Addendum XIV: Medicare-Approved Bariatric Surgery Facilities (January 
through March 2016)

    Addendum XIV includes a listing of Medicare-approved facilities 
that meet minimum standards for facilities modeled in part on 
professional society statements on competency. All facilities must meet 
our standards in order to receive coverage for bariatric surgery 
procedures. On February 21, 2006, we issued our decision memorandum on 
bariatric surgery procedures. We determined that bariatric surgical 
procedures are reasonable and necessary for Medicare beneficiaries who 
have a body-mass index (BMI) greater than or equal to 35, have at least 
one co-morbidity related to obesity and have been previously 
unsuccessful with medical treatment for obesity. This decision also 
stipulated that covered bariatric surgery procedures are reasonable and 
necessary only when performed at facilities that are: (1) certified by 
the American College of Surgeons (ACS) as a Level 1 Bariatric Surgery 
Center (program standards and requirements in effect on February 15, 
2006); or (2) certified by the American Society for Bariatric Surgery 
(ASBS) as a Bariatric Surgery Center of Excellence (BSCOE) (program 
standards and requirements in effect on February 15, 2006).
    There were no additions, deletions, or editorial changes to 
Medicare-approved facilities that meet CMS's minimum facility standards 
for bariatric surgery that have been certified by ACS and/or ASMBS in 
the 3-month period. This information is available at www.cms.gov/MedicareApprovedFacilitie/BSF/list.asp#TopOfPage. For questions or 
additional information, contact Sarah Fulton, MPH (410-786-2749).
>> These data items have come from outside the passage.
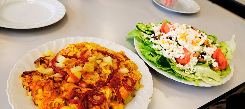 作ったものは、「スパニッシュオムレツ」と「カッテージチーズを使用したサラダ」です。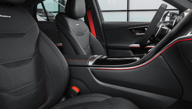 기본 시트는 유료로 가죽 또는 나파 가죽을 옵션으로 선택할 수 있으며, 나파 가죽으로 감싼 AMG 퍼포먼스 스티어링 휠과 조화를 이룹니다.
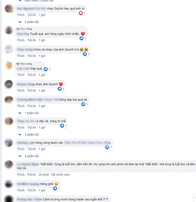 Chỉ mới trailer đầu tiên mà khán giả đã không thể từ chối trước sự cám dỗ của Mắt biếc bởi đạo diễn Victor Vũ. Với những hình ảnh đẹp như mơ, âm nhạc tuyệt vời và sự chỉ đạo của một vị đạo diễn chắc tay, giờ đây người hâm mộ chỉ còn chờ đợi vào diễn xuất của hai nhân vật chính Trần Nghĩa - Trúc Anh có thực sự “làm lên chuyện”. Phim Mắt biếc khởi chiếu vào dịp Noel 2019.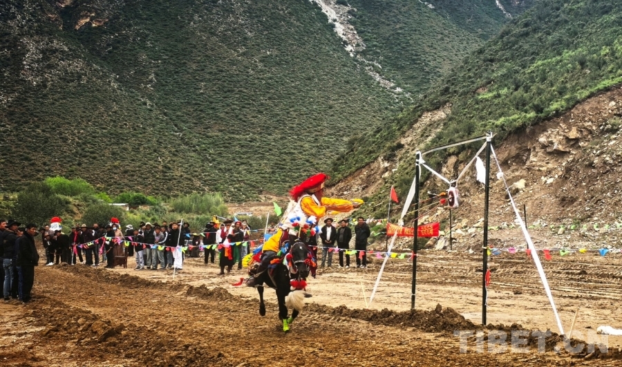 图为西藏自治区山南市贡嘎县昌果乡普夏村望果节赛马会现场,骑手正在参加骑马射箭比赛 摄影:刘莉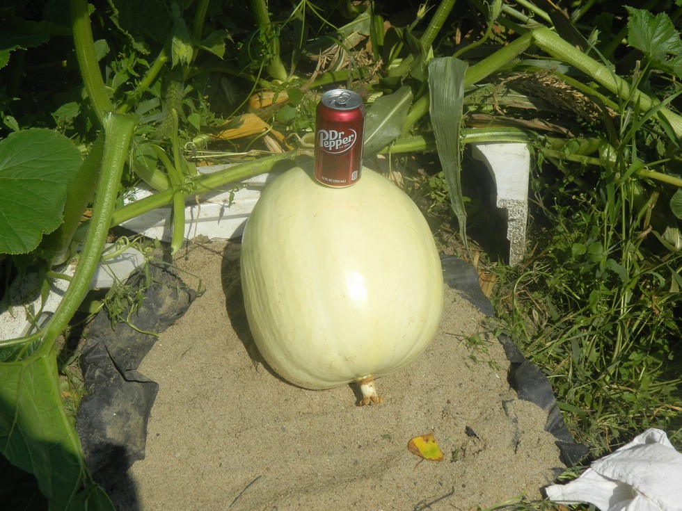 Look what the bees did for us on the 1965 Brandt. Judging by its size it must have pollinated around July 30, 2 months before weighoffs start. It is close to a drainage ditch and may be hard to load, but we will worry about that later. It is on the very back secondary that I ran to the edge of the plot, then turned to run parallel to the main. It is about 2 rows deep into the sweetcorn plot. It has a huge plant to feed it. We just let this plant go after the first pumpkin quit on us. I guess this is what you call a happy accident. We will take it.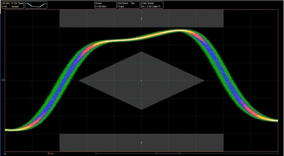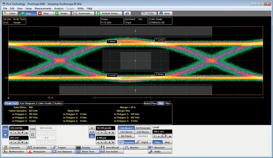 可選擇灰度和顏色分級顯示模式,以幫助分析眼圖中的噪聲和抖動。還有一個統計顯示,顯示原始掩碼和邊距的失敗計數。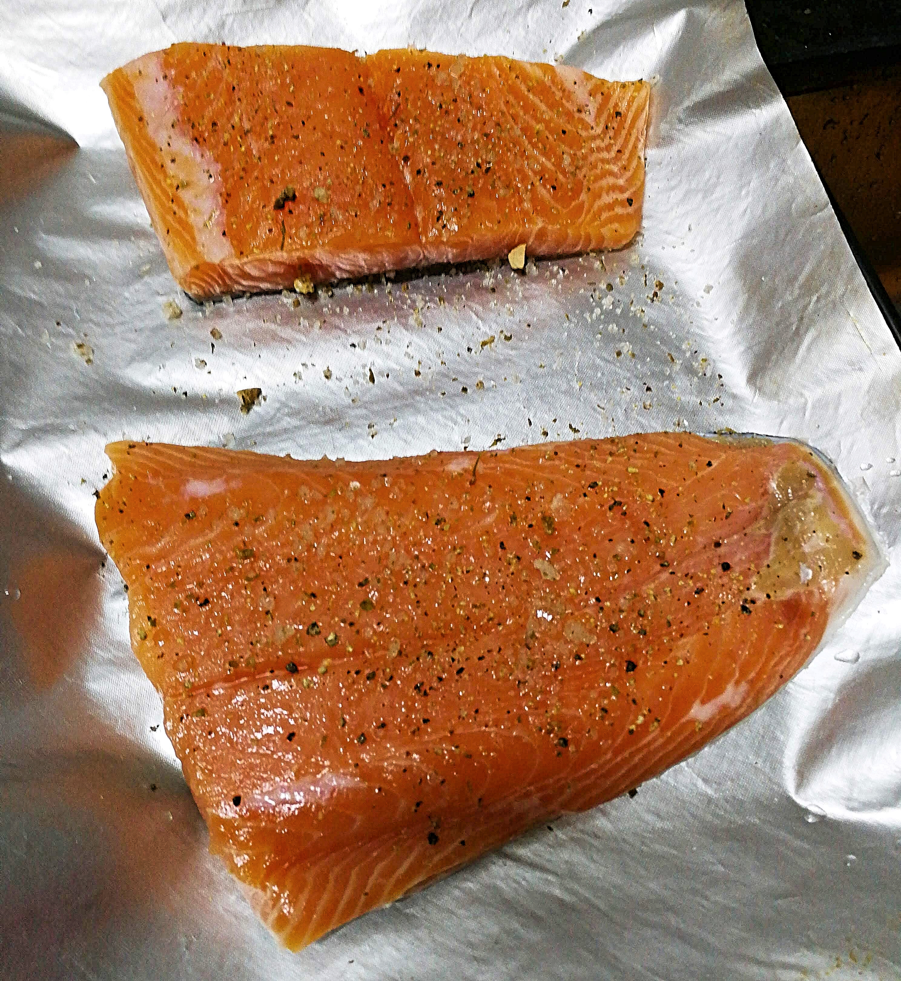 1. Preheat the oven to 170C. Line a large baking dish with tin foil, and place the salmon skin-side down. Season with salt and pepper.

Addendum XV: FDG-PET for Dementia and Neurodegenerative Diseases 
Clinical Trials (January through March 2016)

    There were no FDG-PET for Dementia and Neurodegenerative Diseases 
Clinical Trials published in the 3-month period.
    This information is available on our Web site at www.cms.gov/MedicareApprovedFacilitie/PETDT/list.asp#TopOfPage. For questions or 
additional information, contact Stuart Caplan, RN, MAS (410-786-8564).